25/11/2018 17:50

Agression de journalistes: Les médias toulousains appellent au boycott de la couverture du mouvement des gilets jaunes

Une partie des médias de la région toulousaine a appelé dimanche à boycotter la couverture des actions des "gilets jaunes", au lendemain de la tentative d'agression de journalistes, qui a donné lieu à deux nouvelles plaintes à l'hôtel de police de Toulouse, a-t-on appris auprès des plaignants. Au total, cinq journalistes de C-News et BFM-TV ont porté plainte pour "violences aggravées", "menaces de mort", "tentative d'agression en réunion", samedi et dimanche, relatant avoir, lors d'une manifestation des gilets jaunes place du Capitole samedi, reçu des coups de pied, des crachats, une bouteille d'eau en plein visage, et avoir été poursuivis dans les rues toulousaines. "Il y avait environ entre 50 et 100 personnes qui ont commencé à s'en prendre à nous, les reporters", stipule l'une des deux nouvelles plaintes déposées dimanche.

"Les manifestants criaient +BFM collabo, les journalistes, on va vous faire la peau", peut-on lire sur le procès-verbal de police dont l'AFP a eu une copie. En outre, un reporter de CNews qui avait porté plainte samedi s'est à nouveau rendu au commissariat dimanche pour une déposition concernant des tentatives d'intimidation sur les réseaux sociaux, où des personnes se réclamant des "gilets jaunes" ont précisé connaître l'adresse du journaliste.
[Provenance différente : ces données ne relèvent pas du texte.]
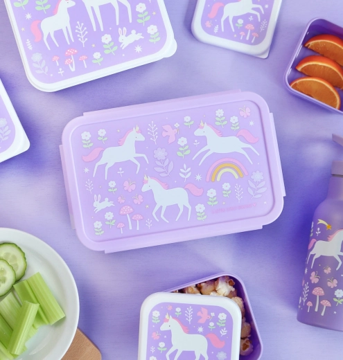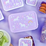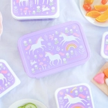 Rozkošný svačinový box od A Little Lovely Company potěší děti hravým designem s jednorožci a duhou a rodiče promyšleným zpracováním. Díky pevně těsnícímu víku zůstane obsah čerstvý a bezpečně uzavřený. Vyjímatelný tác se dvěma přihrádkami umožní přehledné rozdělení ovoce, zeleniny, pečiva či sladkostí.
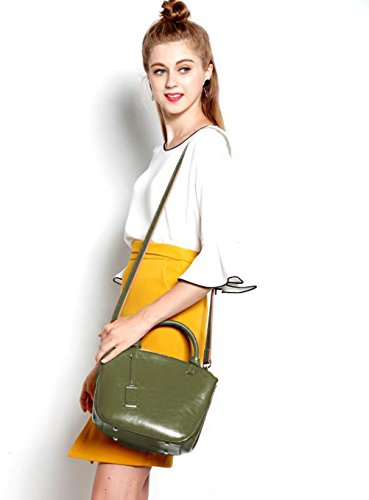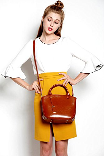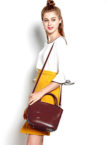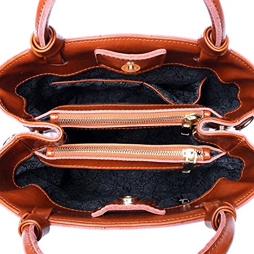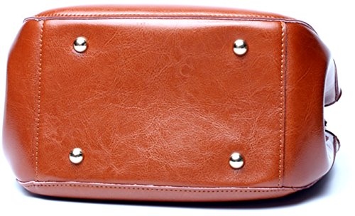 Covelin Genuine Leather Handbag Womens Retro Middle Size Tote Shoulder Bag

En conséquence, plusieurs journalistes de la région ont lancé dimanche un appel au boycott de la couverture des gilets jaunes, "en solidarité avec (les) collègues toulousains agressés". L'appel, relayé par le Club de la presse Occitanie qui "condamne les agressions" et s'inquiète des "actes de violences qui s'amplifient", a été suivi par plusieurs rédactions régionales, à commencer par BFM-TV et C-News, mais aussi M6 et Via Occitanie. Le boycott n'est cependant pas unanimement suivi.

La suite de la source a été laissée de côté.